Deep Learning, Text-to-face Synthesis, StyleGAN3, Contrastive Language-Image Pre-training

Abstract

Background and Objectives: Transformation of text into images is gaining widespread popularity because such transformation offers benefits in various fields, including in investigations requiring sketching of suspects or even in the search for missing persons. However, most researches on text-to-image transformation tend to focus on such simple objects or common items as flowers or birds. Studies on human faces are still relatively rare, partly because facial databases are incomplete. Such databases as Labeled Faces in the Wild and MegaFace contain only images without descriptive text. The present research aimed to develop an automatic suspect face sketching system using only textual descriptions of physical characteristics as input.

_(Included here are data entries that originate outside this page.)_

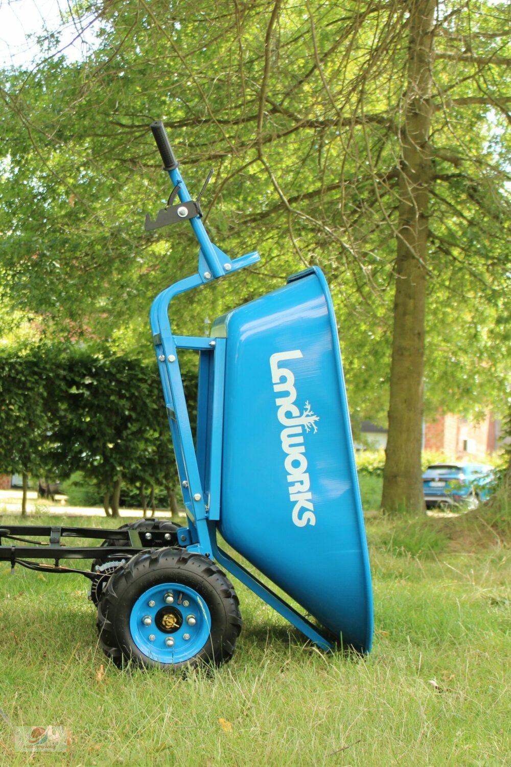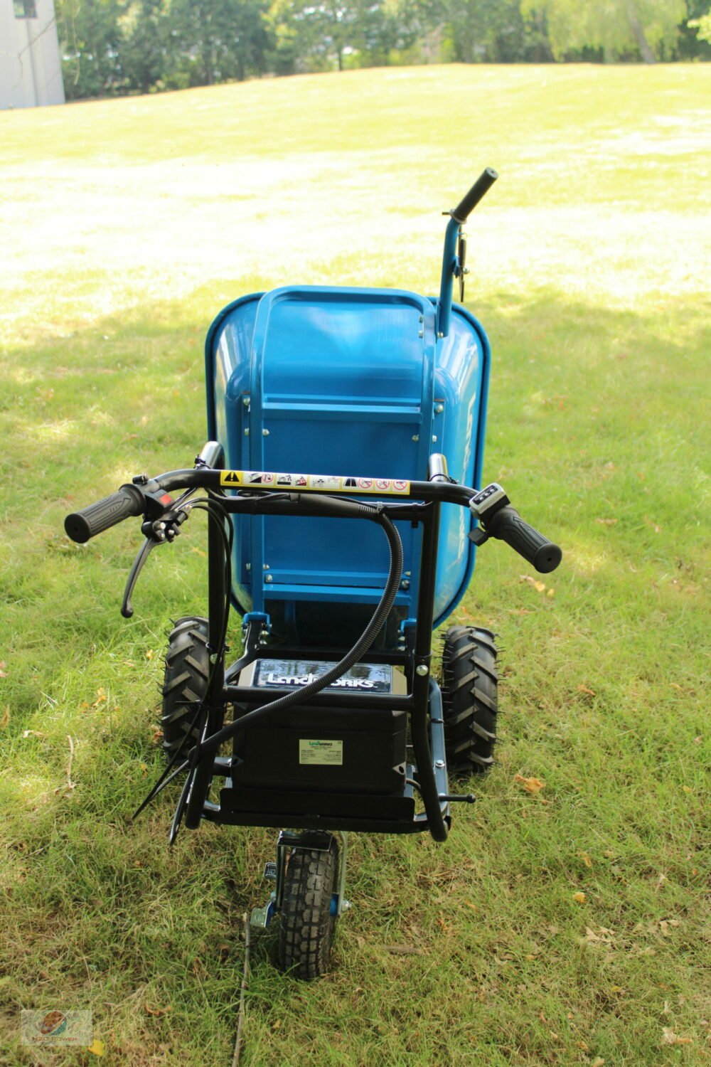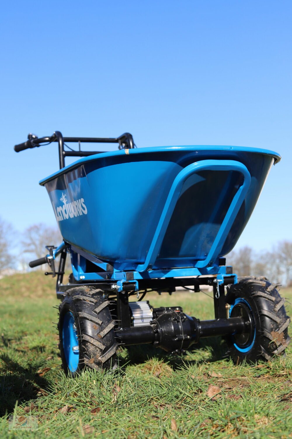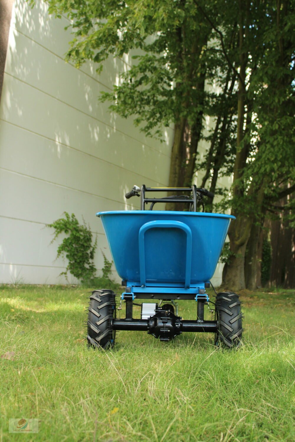 Der E-Antrieb erleichtert den Transport sehr, da kein körperlicher Aufwand nötig ist. Vorwärts erreicht diese Schubkarre eine Geschwindigkeit von 5 km/h, Rückwärts von bis zu 3,5 km/h, wodurch man gut voran kommt.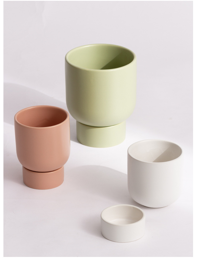 Modern Morandi Style Ceramic Green Tabletop Flowerpot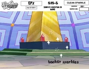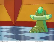 However, SpongeBob accidentally destroys the statue that is delicate. As a result, the room falls apart and the whole building follows suit.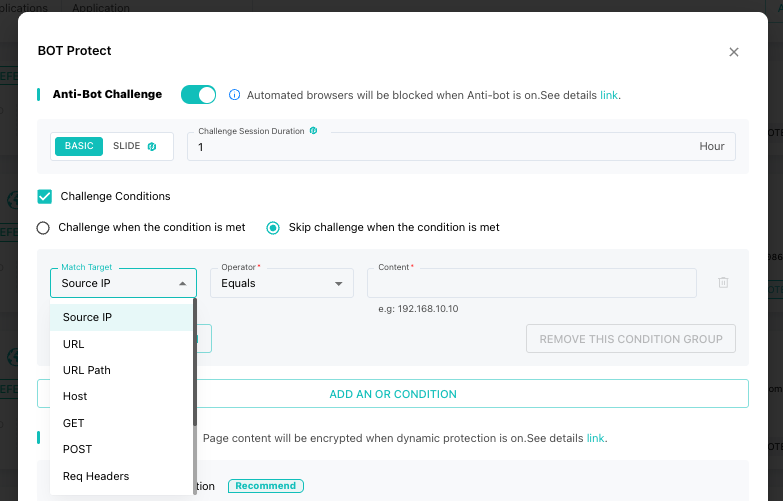 Some bots can only be stopped by forcing them to prove they are not machines. SafeLine includes an Anti‑Bot Challenge feature: when it detects suspicious traffic, it can present a challenge that real browsers handle, but bots fail.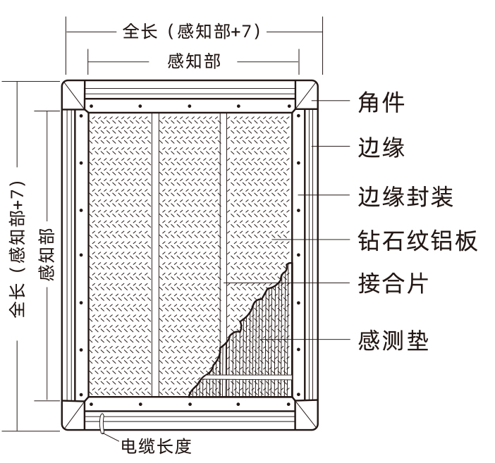 各邊有3.5″(88.9mm)的不感應區(qū)。
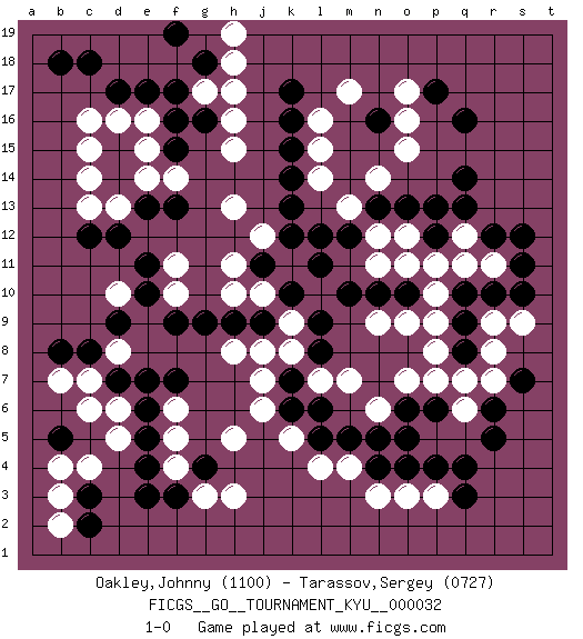 Last move : 1-0 2007 June 19 13:11:6 [Event "FICGS__GO__TOURNAMENT_KYU__000032 "] [Site "FICGS"] [Date "2007.05.04"] [Round "1"] [Black "Oakley,Johnny "] [White "Tarassov,Sergey "] [Result "1-0"] [Rating 1 "1100"] [Rating 2 "0727"] 1.q16 c4 2.q4 c16 3.e17 d13 4.c18 o17 5.k17 h17 6.k15 h15 7.p17 o15 8.n16 o16 9.q14 l16 10.k16 m17 11.k13 m13 12.g16 h16 13.d15 c15 14.e13 e14 15.d14 c14 16.d12 c13 17.f13 e16 18.d17 d16 19.f16 f14 20.g18 g17 21.f17 h18 22.f19 h19 23.b18 o3 24.r6 l4 25.e3 g3 26.g4 f4 27.f3 h3 28.e4 f5 29.c3 d5 30.e5 f6 31.e6 d6 32.f7 h5 33.d7 c7 34.c8 d8 35.e7 b7 36.d9 b3 37.c2 b2 38.b5 b4 39.b8 c6 40.q3 q12 41.r10 r8 42.q9 q7 43.o5 o7 44.m5 m7 45.p12 p11 46.r12 o12 47.p13 r11 48.s11 q11 49.s12 h13 50.c12 k11 51.l11 p9 52.l12 k9 53.n13 n14 54.j11 j12 55.k10 j10 56.k12 h11 57.l9 k8 58.l8 l7 59.j9 k11 60.f15 e15 61.j11 h10 62.k7 j8 63.h9 j7 64.k6 h8 65.g9 j6 66.l5 k5 67.l6 m4 68.n4 n3 69.o13 n12 70.m12 n11 71.o10 p10 72.s10 n9 73.m10 l14 74.k14 l15 75.n10 o11 76.o4 p3 77.p4 n6 78.n5 f11 79.e11 f10 80.f9 d10 81.e10 r9 82.q10 o9 83.q13 q6 84.r5 s9 85.q8 p8 86.o6 r7 87.p6 p7 88.s7 1-0 Here are the names of the openings (joseki) played in the four corners : Corner d16 : c16 e17Komoku (Somok, Xiao~mu`) 3-4 Point. The komoku (3-4) point is the traditional corner enclosure move..Ikken Kakari (Hankan Keolch'im, Yi Gua`jiao~, 1-Space Low Pincer). The small knight move is the basic approach move to the 3-4 point stone. It has been continually used for over four centuries. There are limitless variations, with new moves constantly being discovered. Black 2 opens the door to a treaure store of joseki. Corner q16 : q16 o17Hoshi (Hwajeom, Seongjeom, Xingwei`) 4-4 Point. The star or hoshi (4-4) point, emphasizing influence at the potential expense of territory.Ikken Kakari (Hankan Keolch'im, Yi Gua`jiao~, 1-Space Low Approach). White 2 is the standard approach move to the 4-4. Corner q4 : q4 o3Hoshi (Hwajeom, Seongjeom, Xingwei`) 4-4 Point. The star or hoshi (4-4) point, emphasizing influence at the potential expense of territory.Ikken Kakari (Hankan Keolch'im, Yi Gua`jiao~, 1-Space Low Approach). White 2 is the standard approach move to the 4-4. Corner d4 : c4 e3Komoku (Somok, Xiao~mu`) 3-4 Point. The komoku (3-4) point is the traditional corner enclosure move..Ikken Kakari (Hankan Keolch'im, Yi Gua`jiao~, 1-Space Low Pincer). The small knight move is the basic approach move to the 3-4 point stone. It has been continually used for over four centuries. There are limitless variations, with new moves constantly being discovered. Black 2 opens the door to a treaure store of joseki. Player Black won this Go (weiqi, baduk) game.Follow this game move after move (download ) Use a wall to attack, not to make territory. (Anonymous) The difference between stupidity and genius is that genius has its limits. (Murphy)

Methodology: The present research used CelebA HQ database, which contains both images and descriptions. BERT Sentence Encoder and CLIP Text Encoder were employed to encode the text, converting the descriptions into vocabulary and eventually transforming them into numerical values. These numerical values were tested on four models: StyleGAN3+CLIP, StyleGAN3+CLIP (Fine-Tuning), DC+CLIP (Fine-Tuning), and DF+CLIP (Fine-Tuning).

Main Results: Based on the experimental comparison of the four models using the quantitative indicator FID, we found that the model using StyleGAN3 as the Generator exhibited the highest performance in generating high-quality images that matched the descriptions. The best results were obtained when StyleGAN3 was paired with the CLIP model, which had been further fine-tuned with the CelebA HQ dataset.

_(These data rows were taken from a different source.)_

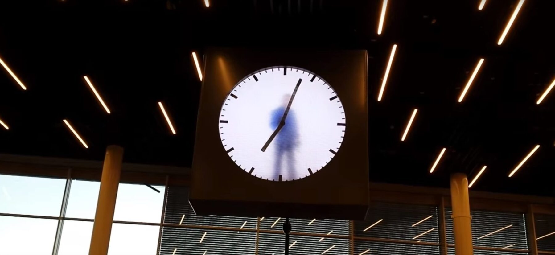 This is, in fact, a 12-hour video sequence that repeats twice during 24 hours, day after day. It’s designed by Maarten Baas after the airport ordered a new installation from the artist for renovation purposes. See how it works below.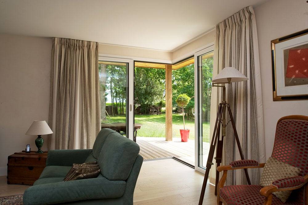 Для частных домов рекомендуется установка крупногабаритных оконных конструкций, так как визуально они дают больше пространства, делают помещение более светлым. Для того, чтобы зимой помещение не остывало, используют многокамерный стеклопакет, кроме того, можно применить специальные энергосберегающие стекла. Они способны отразить образовавшееся в комнате тепло, не дав ему рассеяться на улице, благодаря этому экономия энергоресурсов зимой достигает достаточно большого процента.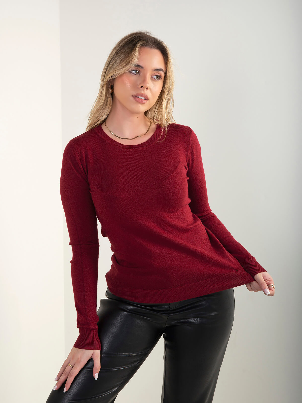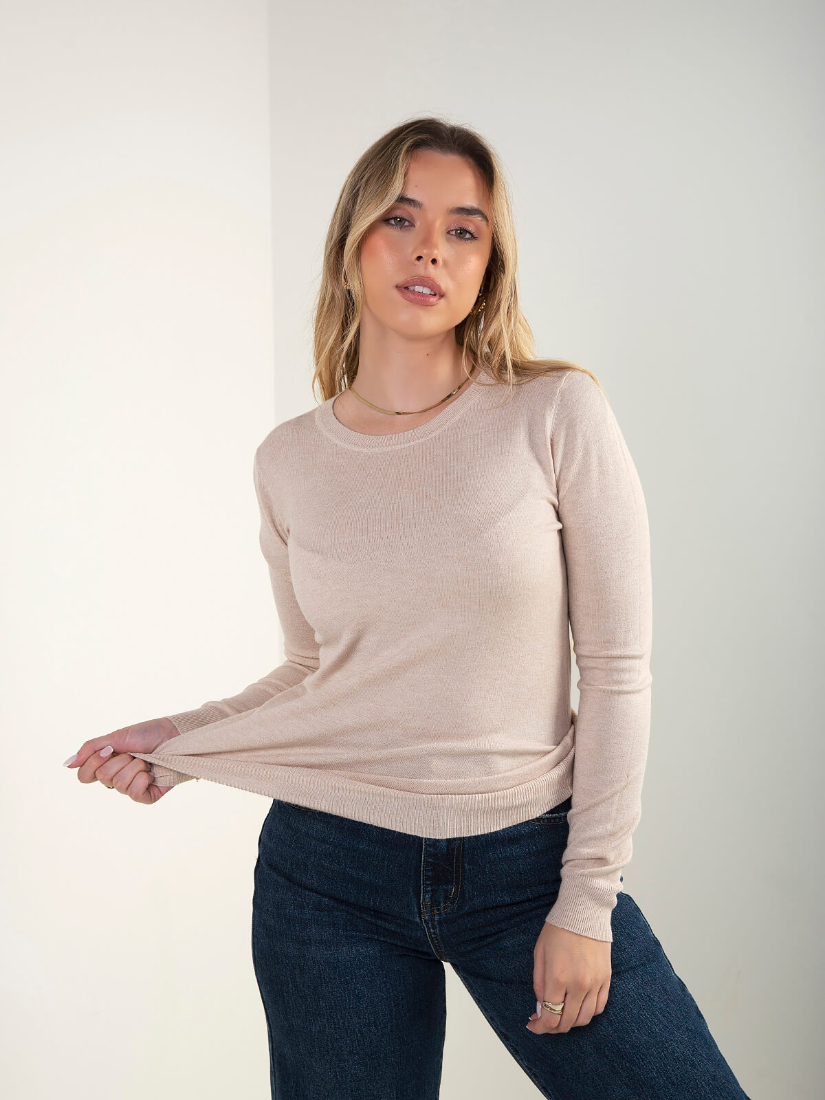 Camisola de malha fina com decote redondo, feita numa mistura de lã, seda, algodão e cashemira para máximo conforto. Suave, leve e perfeita para looks básicos e elegantes dentro da moda acessível.

Conclusions: To facilitate and enhance the efficiency of the process of sketching suspect faces in investigations, the present research developed a system for generating suspect face sketches based solely on textual descriptions of the suspect's physical features. The experimental results, which were obtained through the combined use of Generative Adversarial Networks (GAN) and CLIP model, revealed that the combination of StyleGAN3 and CLIP produced the highest quality and most accurate face sketches based on the descriptions.

Practical Application: The present research can be further developed to create a system for generating suspect face sketches from textual descriptions to aid in investigations. It can also be used in similar contexts, such as designing new model faces for advertising media creation.

References

Jalan, H.J., Maurya, G., Corda, C., Dsouza, S. and Panchal, D., 2020, “Suspect Face Generation,” Proceedings of the 2020 3rd International Conference on Communication System, Computing and IT Applications (CSCITA), 3-4 April 2020, Mumbai, India, pp. 73-78.

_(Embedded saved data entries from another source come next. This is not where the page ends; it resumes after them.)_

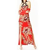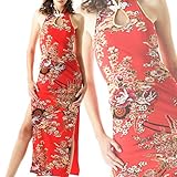 - 上品な和花柄☆ホルターチャイナドレス赤x白M/mc71/作者不明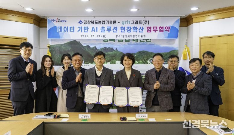 두 기관은 29일 경상북도농업기술원에서 ‘스마트농업 데이터 기반 AI 솔루션 현장 확산을 위한 업무협약(MOU)’을 체결했다.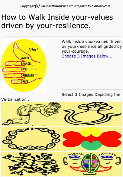 Select 3 Images ...Choose a drawing that best represents your-values and then ponder upon this image. Feel free to draw your own images that represent your-values. Now, select another image that represents your-resilience (see Move From Self-Resilience to Your-Resilience for more information. Lastly, Select an image that Best Represents...Your-Courage . Ask yourself the following questions: 1) "Are you "Aware" of the potency of your courage?" 2) "Are you "Engaged" with this courage?" 3) "Do you live inside (are you based in) your courage?" 4) "Are you always oriented by your courage?" in situations. 5) Finally, "Are you driven by your courage" in ALL situation?" Then, Verbalise Your-Values-AwarenessMake Real-time Consciousness of Your-Values In Situations Your Awareness Priority!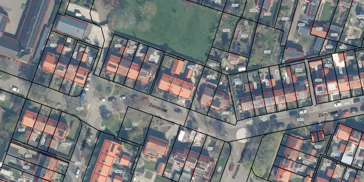 Zonstraat 13 is gelegen op kadastraal perceel ODR02A3456. Deze kadastrale aanduiding is uniek en wordt gebruikt door het Kadaster om eigendomsrechten en andere zakelijke rechten vast te leggen. Het perceel maakt onderdeel uit van de kadastrale gemeente Oudenrijn.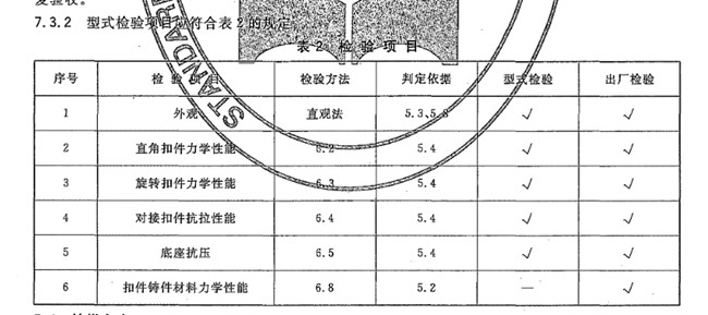 外觀、抗滑移性能、抗破環(huán)性能、扭轉(zhuǎn)剛度性能、抗拉性能、底座抗壓性能、扣件鑄件材料力學性能。

Kotian, C., Lokhande, S., Jain, M. and Pavate, A., 2020, “D2F: Description to Face Synthesis Using GAN,” Proceedings of the International Conference on Recent Advances in Computational Techniques (IC-RACT), 27-28 March 2020, Mumbai, India, 8 p.

Nair, K.R., Sam, S.S., Praveena, K.P., Juju, K. and Cherian, S., 2021, “Transfer Learning with Deep Convolutional Neural Networks in Forensic Face Sketch Recognition,” Proceedings of the International Conference on IoT Based Control Networks & Intelligent Systems (ICICNIS 2021), 28-29 June 2021, Kerala, India, pp. 1-5.

Xu, J., Xue, X., Wu, Y. and Mao, X., 2020, “Matching a Composite Sketch to a Photographed Face using Fused HOG and Deep Feature Models,” The Visual Computer, 37 (4), pp. 765-776.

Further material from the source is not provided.